Exercise prompt
Entries below include pictures. Output exactly the lines from the one with "2、接着进入源晶矿洞等场景,遇到怪物时,点击攻击按钮,对" down to the one with "- Ограждение достаточно", both ends included, and leave the pictures out.

Top of Recorded data

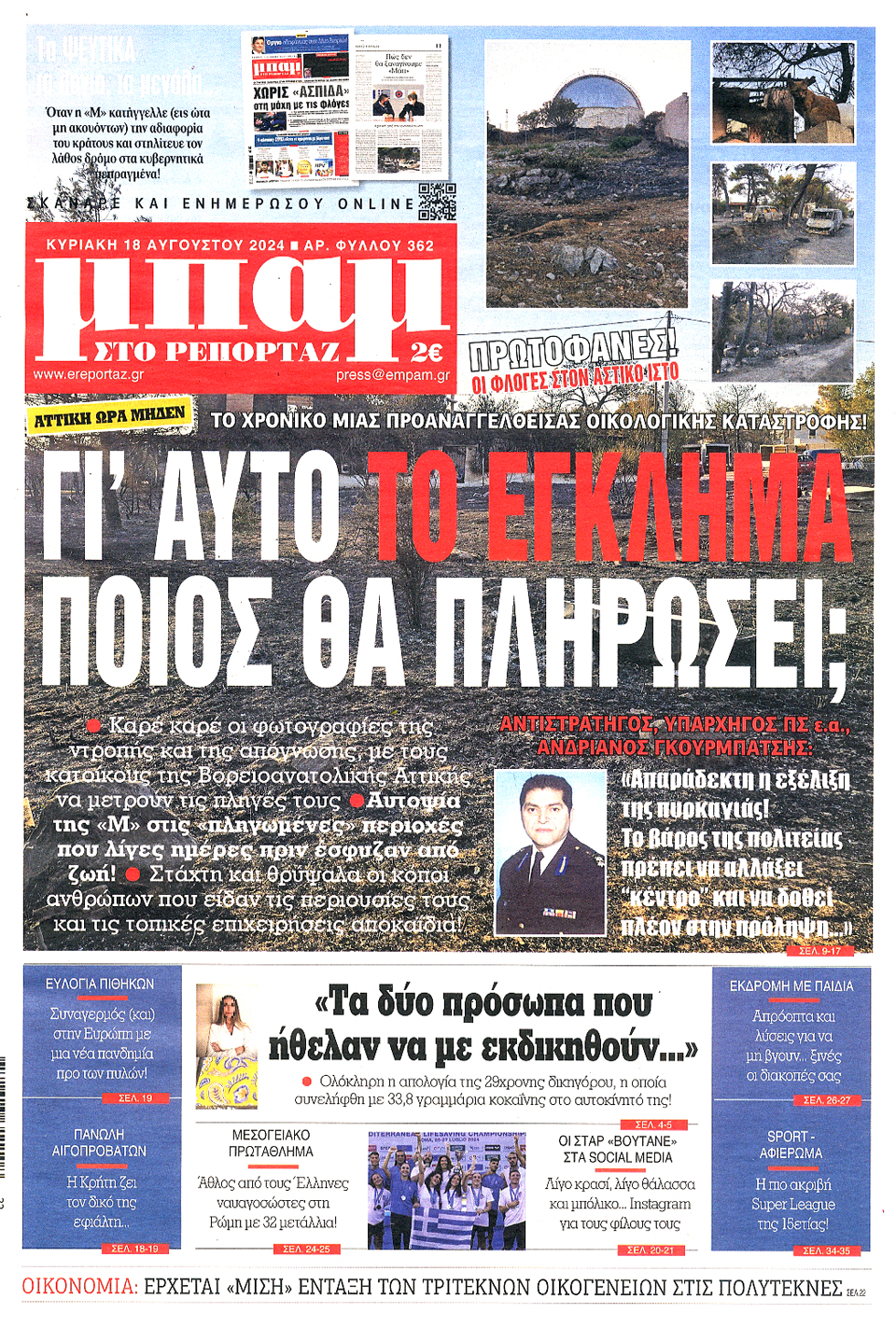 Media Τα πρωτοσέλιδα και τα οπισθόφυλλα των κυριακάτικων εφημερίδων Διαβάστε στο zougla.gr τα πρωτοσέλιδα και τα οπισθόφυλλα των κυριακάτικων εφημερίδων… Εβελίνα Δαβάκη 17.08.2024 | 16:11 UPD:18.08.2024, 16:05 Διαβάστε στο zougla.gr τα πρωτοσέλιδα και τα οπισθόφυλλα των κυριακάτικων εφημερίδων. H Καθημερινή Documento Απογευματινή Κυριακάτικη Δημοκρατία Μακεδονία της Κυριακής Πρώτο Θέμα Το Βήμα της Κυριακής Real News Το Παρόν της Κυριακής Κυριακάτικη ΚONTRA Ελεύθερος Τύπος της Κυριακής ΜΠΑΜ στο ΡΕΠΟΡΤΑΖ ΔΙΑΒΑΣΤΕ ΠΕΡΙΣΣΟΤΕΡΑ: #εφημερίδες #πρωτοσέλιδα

Bottom of Recorded data
Top of Recorded data

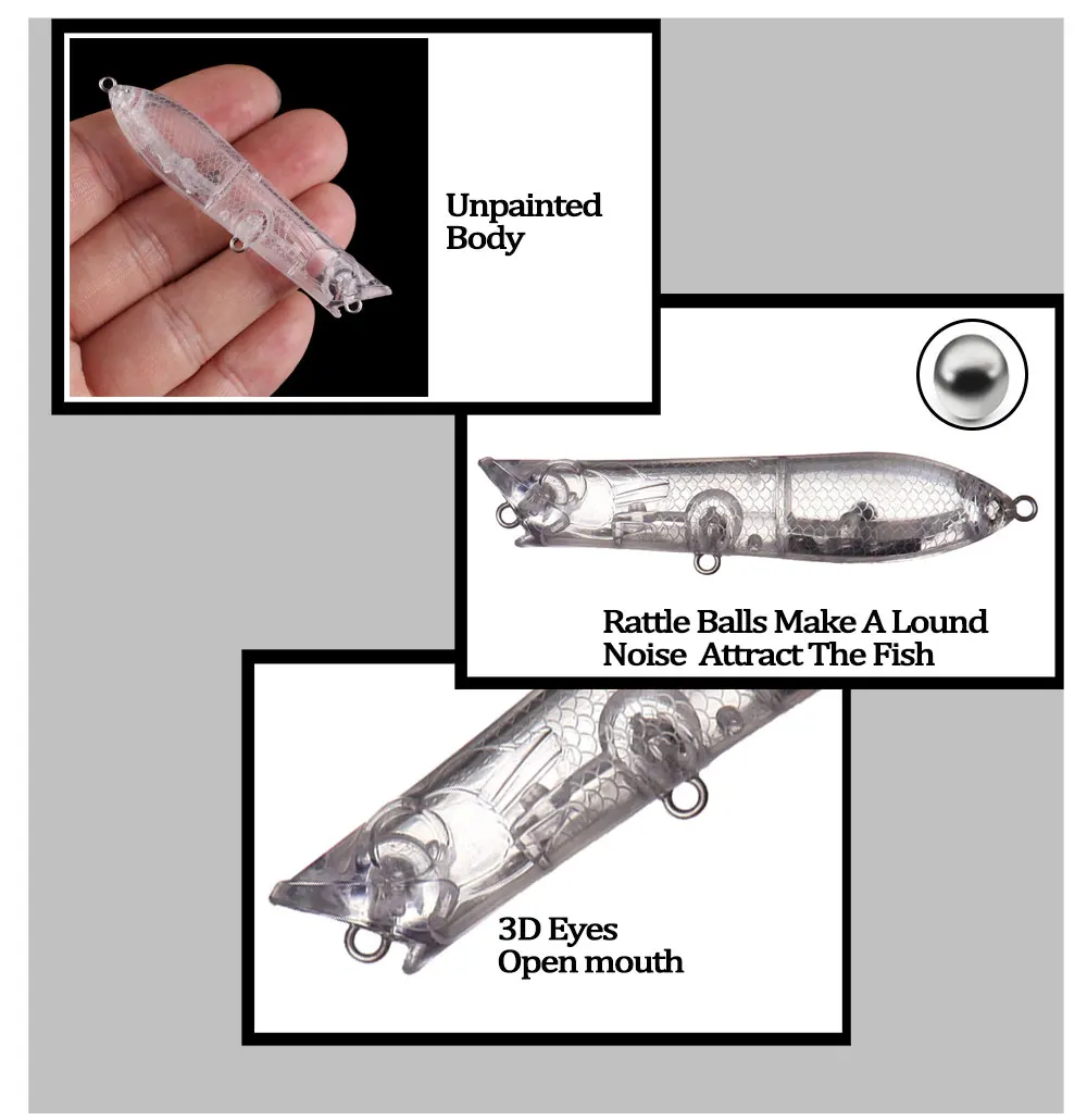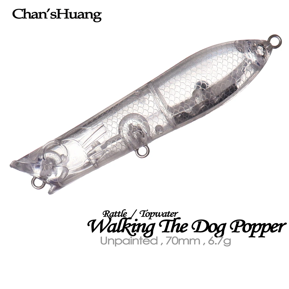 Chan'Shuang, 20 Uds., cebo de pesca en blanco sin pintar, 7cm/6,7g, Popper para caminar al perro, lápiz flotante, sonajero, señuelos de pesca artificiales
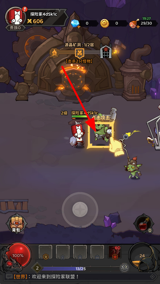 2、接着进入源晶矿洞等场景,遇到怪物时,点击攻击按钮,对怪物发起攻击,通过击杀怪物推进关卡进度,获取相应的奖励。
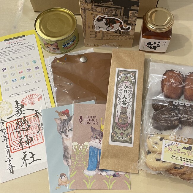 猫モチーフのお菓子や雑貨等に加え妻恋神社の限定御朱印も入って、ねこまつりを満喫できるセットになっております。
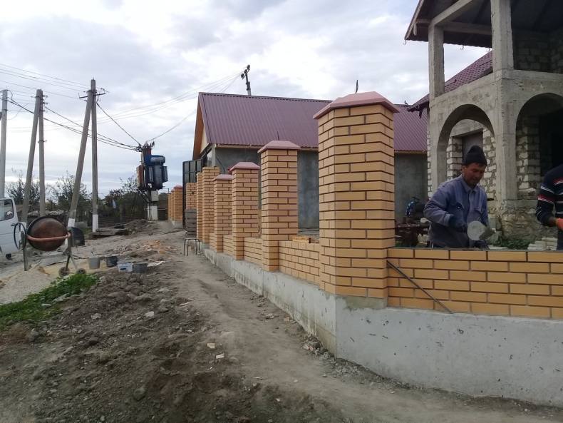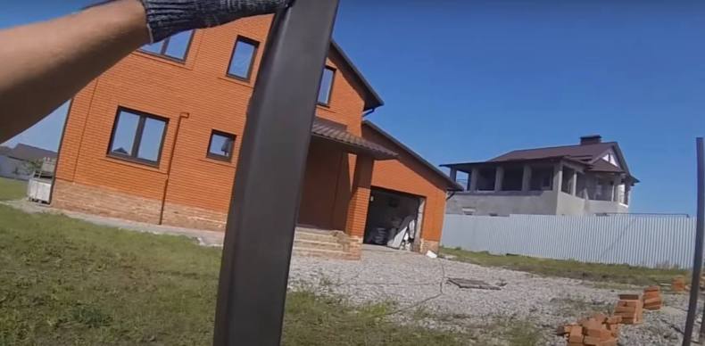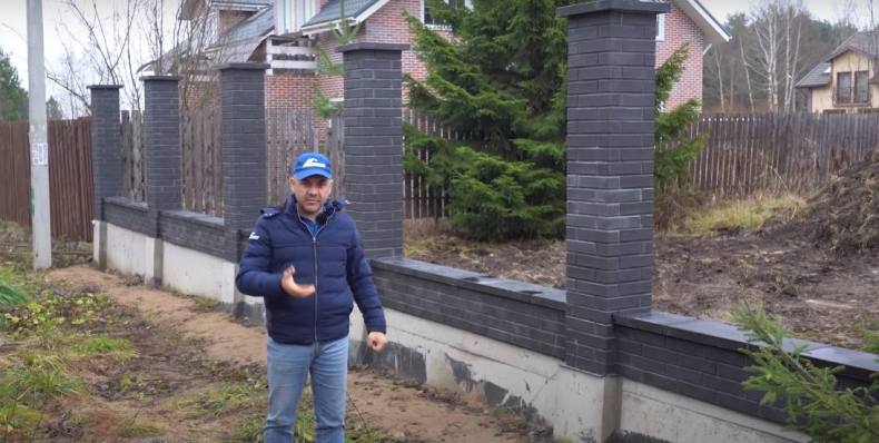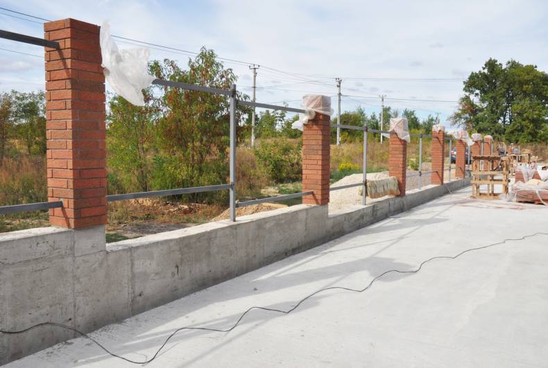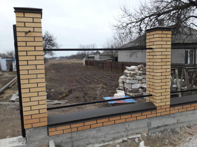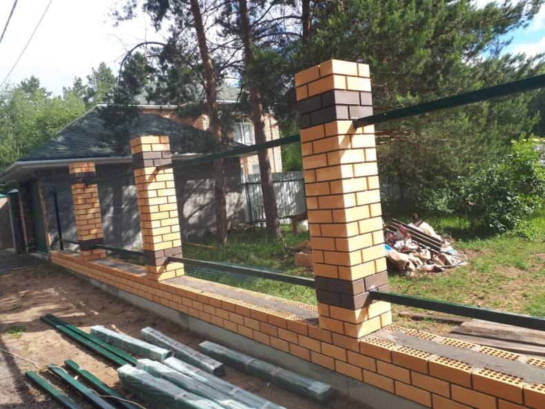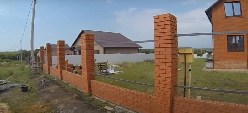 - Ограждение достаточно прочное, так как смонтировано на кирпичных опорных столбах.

Bottom of Recorded data

Solution to this exercise
 2、接着进入源晶矿洞等场景,遇到怪物时,点击攻击按钮,对怪物发起攻击,通过击杀怪物推进关卡进度,获取相应的奖励。
 猫モチーフのお菓子や雑貨等に加え妻恋神社の限定御朱印も入って、ねこまつりを満喫できるセットになっております。
 - Ограждение достаточно прочное, так как смонтировано на кирпичных опорных столбах.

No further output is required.